Canada must take urgent action to close the incentive gaps for low-carbon technology investment. We’re at risk of missing out on big opportunities because our investment incentives aren’t competitive with the United States.
That’s the conclusion of new modelling released today in a working paper by Clean Prosperity and The Transition Accelerator.
An update to this research was released in July 2023: explore the updated findings
The working paper is the first attempt to show the dollar value of the incentives offered by the Canadian and US governments for low-carbon technology investment. It looks at seven key technologies, including electric vehicles, solar energy, hydrogen, direct air capture, sustainable aviation fuel, and carbon capture and storage.

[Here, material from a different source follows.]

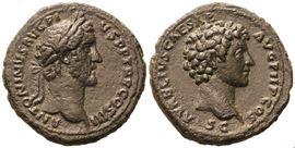 ANTONINVS AVG PIVS PP TR P COS III Laureate bust of Antoninus Pius to r.; Rv. AVRELIVS CAESAR AVG PII F COS Bare bust of Marcus Aurelius to r., SC below neck truncation. RIC 1222; Cohen 29, 31. Rare. Chocolate brown patina. Gently smoothed. Near extremely fine.

“It’s as if Canada is offering companies a coach ticket with the chance of an upgrade, while the Americans are offering to send them straight to first class. But there are strategic moves we can make to fix that.”Michael Bernstein, Executive Director, Clean Prosperity
“Compared to the United States, Canada isn’t yet a competitive destination for low-carbon investment,” said Clean Prosperity Executive Director and working paper co-author Michael Bernstein.
“It’s as if Canada is offering companies a coach ticket with the chance of an upgrade, while the Americans are offering to send them straight to first class. But there are strategic moves we can make to fix that.”
Last August, the United States’ Inflation Reduction Act (IRA) introduced massive subsidies for a wide range of low-carbon tech, mainly in the form of production tax credits. Canada introduced its own incentives in response, but so far these measures aren’t enough to make Canada as attractive as an investment destination.
However, “There’s an opportunity here for Canada to take advantage of. With a smart industrial policy response to the IRA, Canada can stay competitive and grow a prosperous low-carbon economy,” says co-author and Transition Accelerator Research Director, Bentley Allan.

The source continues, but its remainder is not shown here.